Ainda chegam, crianças com seus quadros específicos, doenças inclusive graves, de toda sorte. Há casos em que necessitam ser intubados. E além de tudo isso, passaram a atender aos pacientes psiquiátricos em surtos ou não. Visto que o Hospital João Machadao, fechou as portas para as urgências, e apelidou essa atitude de ” regulação de porta”; ficando para as UPAS a incumbência de atender à esses pacientes, “juntos e misturados” à todos os outros citados anteriormente. E aí, blogueiro de MERDA! Vem vcs, querendo aparecer para sociedade, fazendo materiazinha dessa natureza. Coletando depoimentos, manipulados de pacientes que certamente, não deveriam está nas portas de urgências. Até pq, é sabido que, quem reclama, faz barulho, chama a imprensa, etc.
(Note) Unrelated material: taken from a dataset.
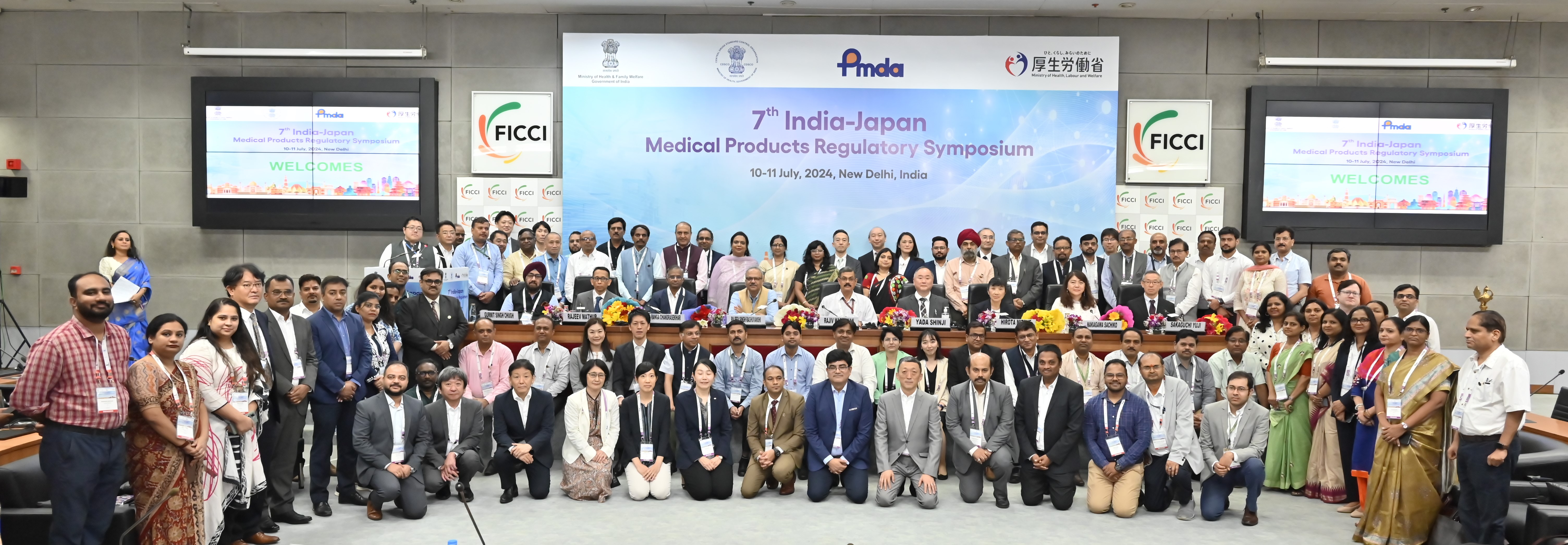 2024年7月10日、インドのニューデリーにて、第7回 日インド医療製品規制に関するシンポジウムが開催されました。このシンポジウムは、厚生労働省(MHLW)・独立行政法人医薬品医療機器総合機構(PMDA)およびインド保健家族福祉省・中央医薬品基準管理機構(CDSCO)によって開催され、製薬協は日本製薬団体連合会、日本医療機器産業連合会、再生医療イノベーションフォーラムとともに後援団体として企画・運営に協力しました。本シンポジウムは、医薬品、医療機器、再生医療等製品の規制に関する日インド両国の最新動向、産業界の課題や提案を共有し、国際的な規制調和や協力等を議論することで、両国の薬事規制のレベル向上や、産業界による規制対応の円滑化をめざすものです。今回は、両国の薬事規制当局からそれぞれ最新動向が共有され、医薬品セッションではPMDAから原薬の品質管理、JPMAよりe-Labeling、CDSCOからは最近のGMP改正に関するアジェンダが組まれ、産業界からの課題に関する質問を含め活発な議論が展開されました。ここでは主に医薬品に関する内容について報告します。

Esses, com certeza não estão doentes o suficiente. O paciente realmente grave, não dá ouvidos à vcs. E aí, querer que as UPAS, cumpram um papel que não é delas, é minimamente, injusto!
Pessoas!!! Se cuidem! Controlem sua glicemia, sua pressão arterial, não dirijam depois de beber, não usem drogas, etc. Tudo isso, é importante para que vc não venha a precisar de atendimentos, gira das rede básica de saúde. Respeitem as UPAS. Lá, vidas são salvas! Só busquem as UPAS, para atendimentos de urgências ou emergências. Trabalhadores relapsos não encham mais as UPAS, nas segundas feiras ou em vésperas de feriados, para pedir atestados médicos. Atitudes como essas dificultam o atendimento à quem realmente precisa das UPAS.